Open ndushay opened 1 year ago
For what it is worth, sdr client is nothing like our other clients in that it is not simply a thin layer over the API. It includes much more logic to (1) fill in the request with defaults / construct the request from incomplete information and (2) handle the complexities of the ActiveStorage interaction. This is very confusing and it is quite possible that this code is over-generalized / over-abstracted, but I think the underlying task is not simple.
It would be helpful to know more about the goals / intent of this ticket.
@justinlittman the intent is to make it understandable; I didn't understand the CLI stuff at all. Maybe that's a documentation problem. Maybe that's a "what are we doing with the sdr-api and why do we use it in some contexts and DSA in others" question, too. I think of myself as a reasonable "middle of the pack" canary with respect to "I can understand what this code is doing" ... and sdr-client made my head hurt.
from the README:
A primary design goal was for this to have as few dependencies as possible so that it can be easily distributed by gem install sdr-client and then it can be used as a CLI.

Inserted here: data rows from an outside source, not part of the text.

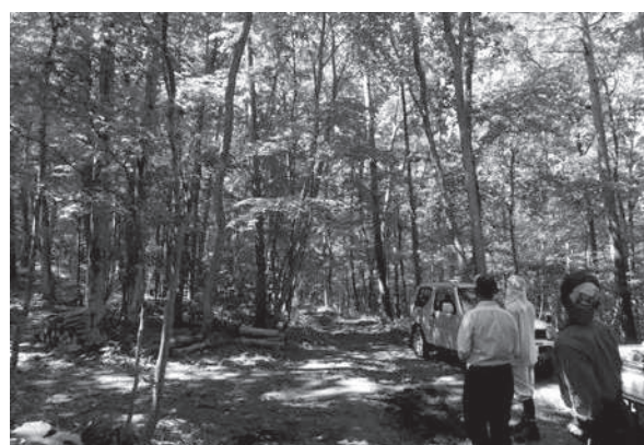
多間伐施業に挑戦中（作業道を敷設して間伐1回実施後）の岩手県九戸村の美しい広葉樹林。経済面も両立し、視察者が急増中

この東北展開により新たに注目されたのが「広葉樹施業」である。日本における広葉樹は「雑木」と軽視され、施業の対象とされてこなかった経緯がある。多間伐施業による自伐展開で広葉樹施業がどうなるか、東北と北海道でいち早く始めたメンバーに「作業道を敷設しながら2割以下の多間伐施業で試してみしてほしい」と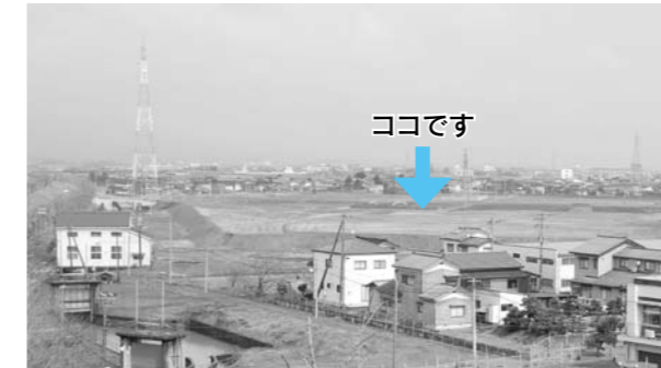
市民の皆さんから親しまれる公園を目指します。

災害時の避難場所としても機能し、訪れる多くの人たちに安らぎを感じ取ってもらえる公園として整備を進めている「大河津分水さくら公園」。造成土の搬入を終え、今後は平成23年春の開園を目指して整備を進めていきます。 この公園が目指す姿は、“みんなで育てる私たちの公園”。園内には、市の木「さくら」を中心に、さくらにちなんだ草花などの植栽を行います。個人や企業・団体の皆さんからも寄付をいただき、「さくらのオーナー」として、育て・維持管理していただける人を募集する予定です。 工事期間中はご迷惑をお掛けしますが、皆様のご理解とご協力をお願いします。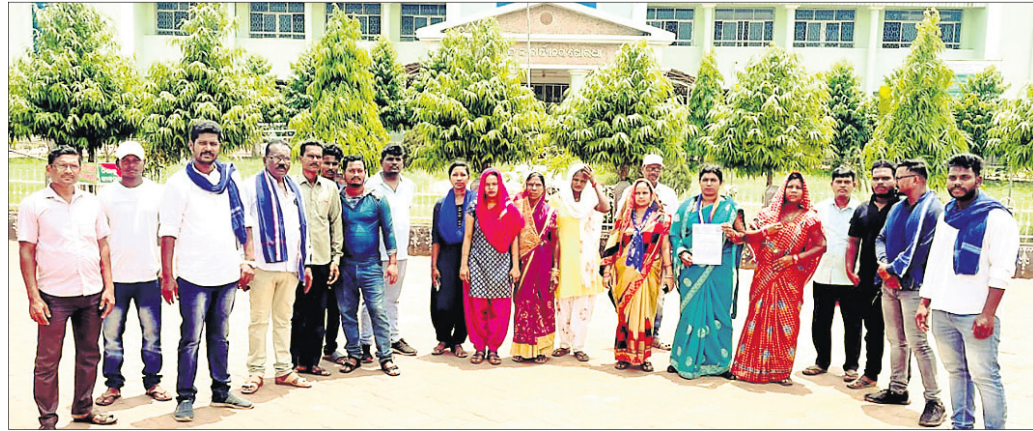
ରାଷ୍ଟ୍ରପତିଙ୍କ ଉଦ୍ଦେଶ୍ୟରେ ଶୁକ୍ରବାର ଜିଲାପାଳଙ୍କୁ ଦାବିପତ୍ର ଦେବାକୁ ଆସିଥିବା ଭାମ୍ପା ଆର୍ମି ଖୋର୍ଦ୍ଧା ଶାଖାର କର୍ମଚାରୀ ।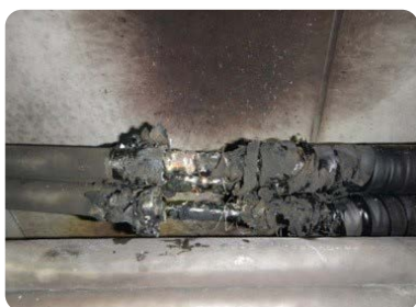
熱で溶けたケーブルの接続部

... where is it used for this? And should we keep supporting this?
I wonder if this should be an issue or a dev planning topic or a story time or ... ?
@ndushay 💬
@justinlittman the intent is to make it understandable; I didn't understand the CLI stuff at all. Maybe that's a documentation problem.
There is CLI documentation in the README: https://github.com/sul-dlss/sdr-client/#usage Maybe this misses the mark, though.

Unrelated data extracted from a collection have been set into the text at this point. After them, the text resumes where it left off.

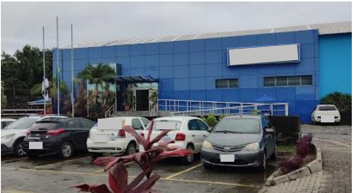
Figura 1 - Centro Administrativo de Jaboatão dos Guararapes

Durante o Estágio Supervisionado Obrigatório, as atividades foram conduzidas na Secretaria De Bem-Estar Animal da Prefeitura municipal de Jaboatão dos Guararapes-PE (Figura 1) localizado no Centro Administrativo de Jaboatão dos Guararapes (8°09'04"S 34°55'18"O (Google Earth)) no endereço: Estrada da Batalha 1200 Galpão N - Jardim Jordão, Jaboatão dos Guararapes - PE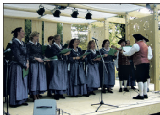
Der Chor der 1. Kronberger Laienspielschar in Aktion

Gerne können Picknickdecken, Getränke und Speisen mitgebracht werden. Es wartet ein fröhlicher, musikalischer Abend im Kreise musikbegeisterter Menschen. Das sollte Motivation genug sein. Natürlich wird das vielseitige und abwechslungsreiche Liedgut zur Verfügung gestellt. Bei „schlechtem Wetter“ findet die Veranstaltung nicht statt.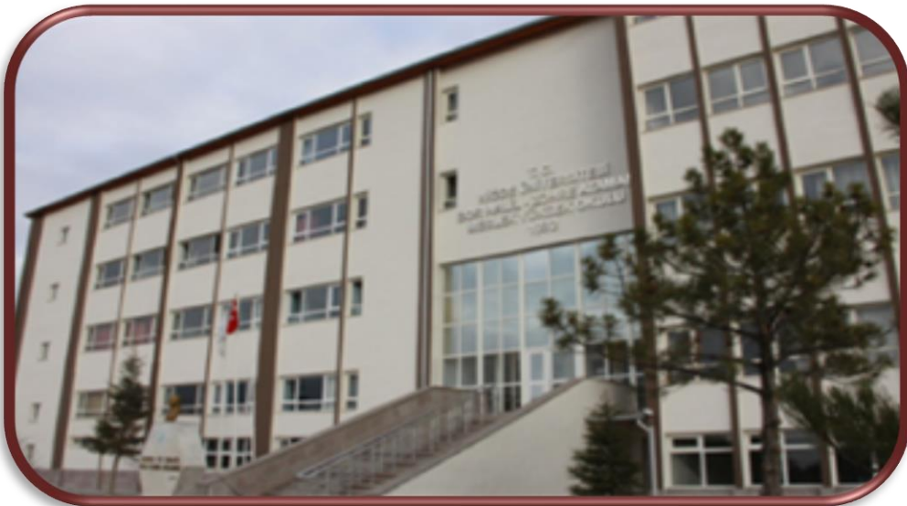
Halil-Zöhre Ataman Meslek Yüksekokulu Binası Tadilatı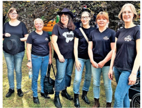
Warten auf den Auftrittsbeginn . . .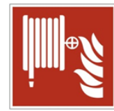
Standort Lösch- schlauch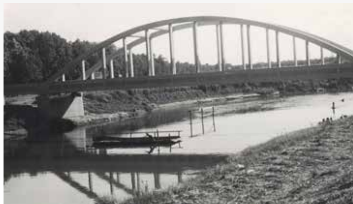
Snímek přívozní pramice spolu s dokončeným mostem Dr. Edvarda Beneše na snímku z konce 30. let 20. století.

Dne 13. 11. 1931 Zastupitelstvo města Bzenec vyčlenilo příspěvek 120 000 Kč na regulaci řeky v prostoru zamýšlené stavby a 170 000 Kč na samotnou stavbu. V roce 1934 byla zadána stavba pilířů firmě Kaulich z Ostravy s podmínkou, že pilíře budou zhotoveny do poloviny roku 1935. Při jejich budování byly nalezeny pozůstatky dřevěných pilířů mostu, který zde stával před třicetiletou válkou, ale zřejmě ještě v průběhu 17. století zanikl. Dne 5. 6. 1937 se Zastupitelstvo města Bzence a Strážnice jednomyslně usneslo pojmenovat most jménem prezidenta Dr. Edvarda Beneše.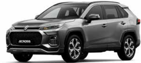
Gray Metallic (1G3)*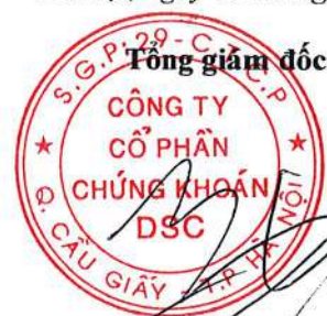
BẠCH QUỐC VINH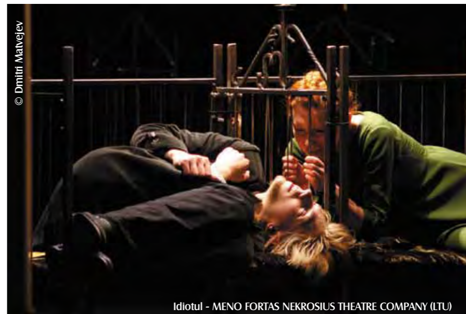
Idiotul - MENO FORTAS NEKROSIUS THEATRE COMPANY (LTU)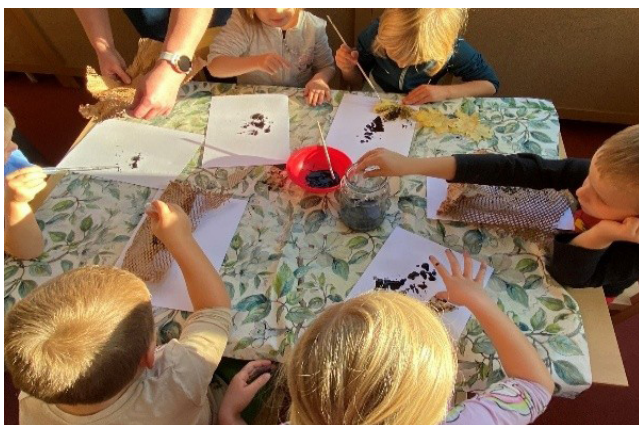
捷克布拉格幼兒園孩子在老師引導下運用撿拾的落葉及應用各種特殊質感素材進行拓印創作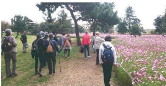
歩こう会 尼崎コスモス園へ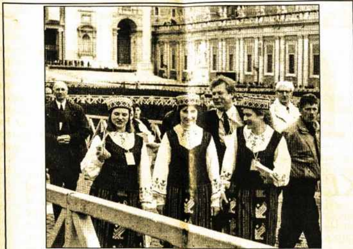
Maldininkės iš Lietuvos Vatikane.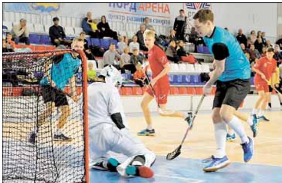
■ В атаке «Помор».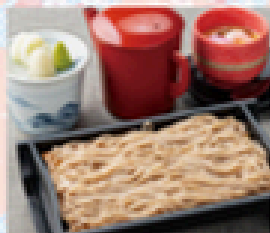
そば(ハーフ)茶碗蒸しセット 600円(税込660円)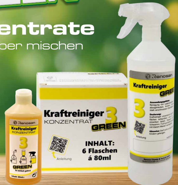
Renosan GREEN Kraftreiniger Konzentrat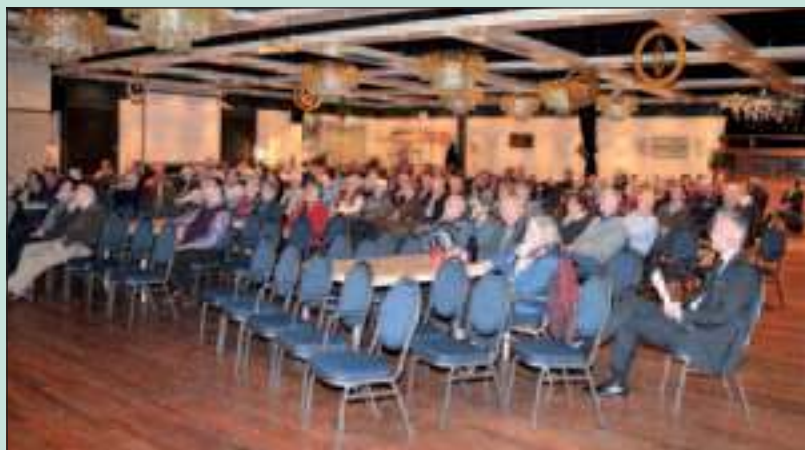
Belangenvereniging Weltevreden kan terugkijken op een goed bezochte thema-avond over inbraakpreventie en veiligheid. Lees meer op pag. 2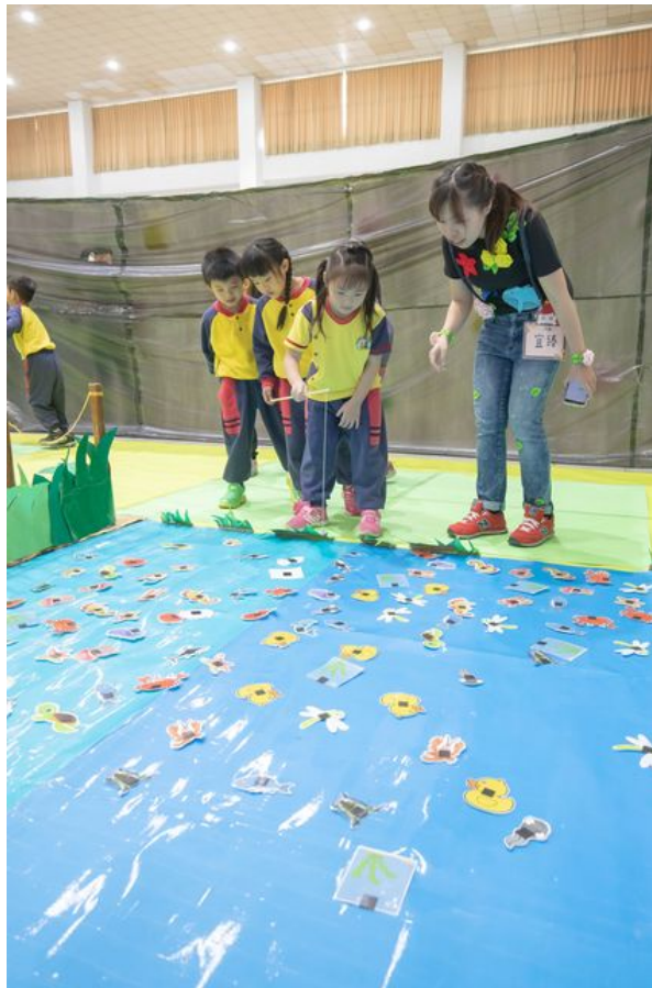
「搶救魚兒大作戰」透過釣魚遊戲來訓練小朋友的肌肉協調。

一場守護大自然的地球保衛戰正要展開，小朋友化身為環保小尖兵，勇闖奇幻國度，拯救即將瀕臨崩壞的家園。嘉南藥理大學嬰幼兒保育系畢業成果展，1月9、10日兩天於該校大禮堂熱鬧登場，以「奇幻國度的冒險旅程」為主題，帶領幼兒園孩童一起闖關玩遊戲，在歡笑中同時傳達環保理念，寓教於樂，頗具意義。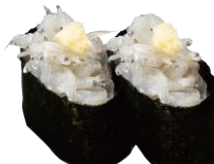
●広島県産 生しらす軍艦 340円

A primary design goal was for this to have as few dependencies as possible so that it can be easily distributed by gem install sdr-client and then it can be used as a CLI.

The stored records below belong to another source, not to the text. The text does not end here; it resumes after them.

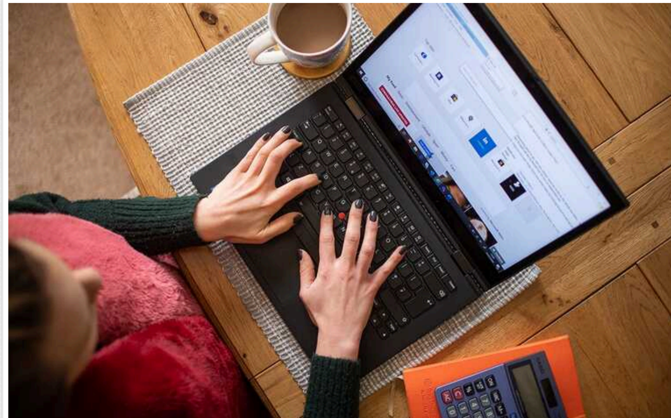
Співробітникам на "дистанційці" та у відпустці роботодавці надсилатимуть повістки, - постанова Кабміну

Роботодавці повинні будуть надсилати повістки поштою своїм співробітниками на "дистанційці" та у відпустці, а потім звітувати про це перед ТЦК.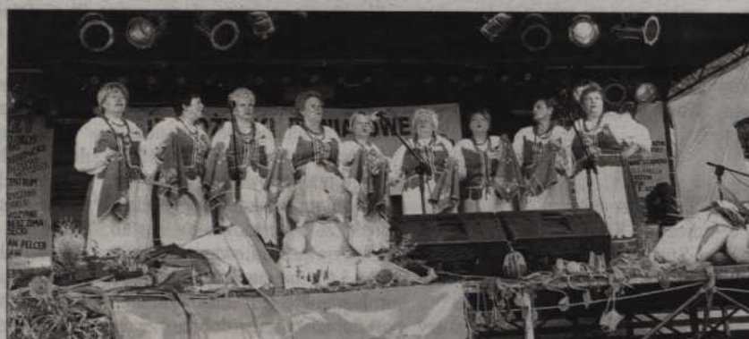
14 listopada o godz. 11.00 w Teatrze Miejskim w Kwidzynie odbędzie się uroczysty koncert z okazji 10-lecia istnienia zespołu ludowego Powiślanki.

22:00 Gwiazda wieczoru - BOOGIE BOYS Bilety w cenie: 20 zł do nabycia w kasie teatru, rezerwacja telefoniczna 055 279 34 24, 055 279 20 08.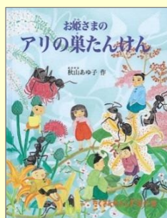
『お姫さまのアリの巣たんけん』 秋山 亜由子／作 福音館書店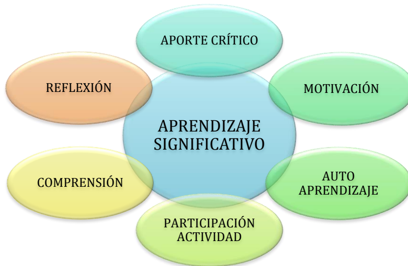
Figura 4. Ventajas del aprendizaje significativo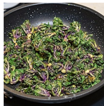
Kross gebraten werden die Kohlsprossen.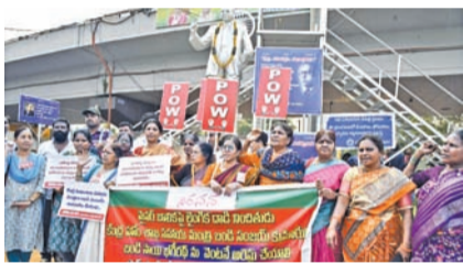
హైదరాబాద్ లో ఆందోళన చేస్తున్న మహిళా సంఘాల నేతలు

లీకేజీపై సిబిఐ దర్యాప్తు వేగవంతం ప్రధాన నిందితుడు కైరార్, 15మంది అరెస్టు నీట్ను పూర్తిగా రద్దు చేయాలి: తమిళ సీఎం విజయ్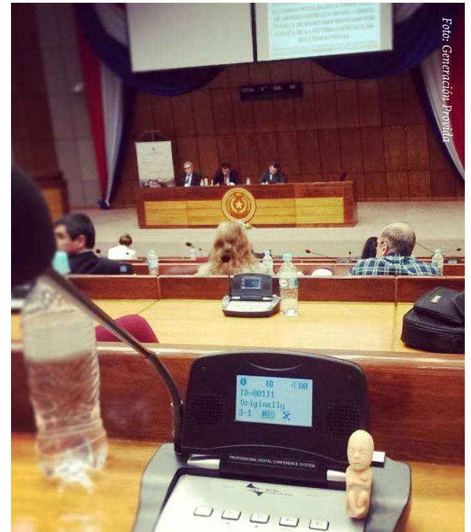
Audiencia Pública del 19 de mayo, 2015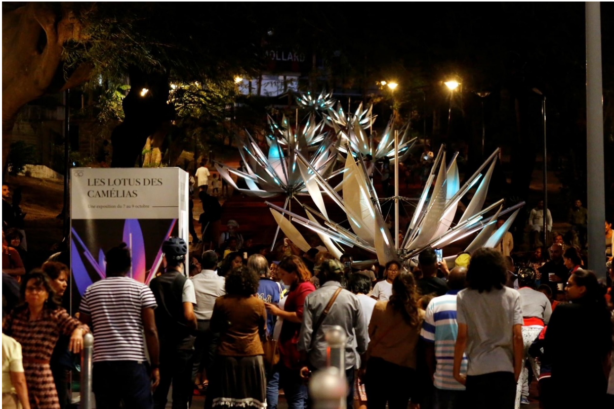
Art Digital - Les Lotus dans le village des Camélias – Octobre 2022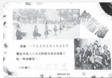
▲ 口社國小致贈感謝狀。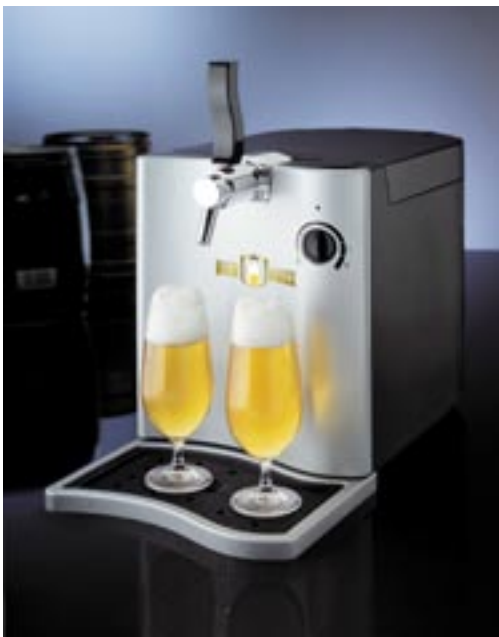
Artikel: K-202 - Bier Maxx

Ihr Stammlokal sieht Sie in Zukunft seltener!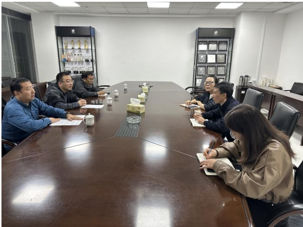
图 6-2-1 汽车工程系赴汽车城与企业洽谈现场

校企双方围绕现代学徒制培养、产教融合共同体建设，探讨了在课程共建、资源共享、企业导师进校授课等方面的合作，并对后期的合作方向进行了规划。此次洽谈为汽车工程系与江苏和源车业、泰州海鹏汽车的合作奠定了坚实基础，标志着校企合作迈上了新台阶。未来，汽车工程系将继续深化产教融合，携手企业，共同推动汽车专业的高质量发展。

... where is it used for this? And should we keep supporting this?
We developed it so that we'd be prepared to meet the needs of campus users wanting direct SDR access (BLN & OpenNeuro were both suggested as potential partners). But the CLI's usage has been limited. I used it for a couple remediations---Catalhoyuk was the big one---and perhaps Andrew or Arcadia have used it as well?
FWIW, I do find sdr-client hard to reason about but the CLI isn't the part that I find most difficult. It's the fact that the client exposes all of its guts and expects the consumer to stitch together an interaction that makes sense. I do believe it was developed this way intentionally. But I also think it might be worth the time and effort to pause and do some analysis on how sdr-client is being used in hopes of perhaps improving the structure and maintainability of the code. Is that worth work cycle time now? I don't know.
Until we sort this out, I'm unassigning myself and backlogging this.
I use it fairly regularly, but mostly for getting Cocina. The client started out with pretty limited options that made it only marginally useful for testing and not useful for anything I did with production data. Even though the intent is for external users to make use of it, the message I got in workcycles and in planning for workcycles was that it wasn't a priority to develop it out that way. It may cover more of my needs now but I haven't had a chance to really put it to use. I have at least one issue to file related to my recent attempts to use it for test data because it still doesn't appear to fully handle access rights when depositing.
I used the Fedora 3 API a lot when we were on Fedora 3 and likely would use the SDR API for similar tasks. But for various reasons, including system architecture that isn't related to the API or client itself, it hasn't worked out that way yet.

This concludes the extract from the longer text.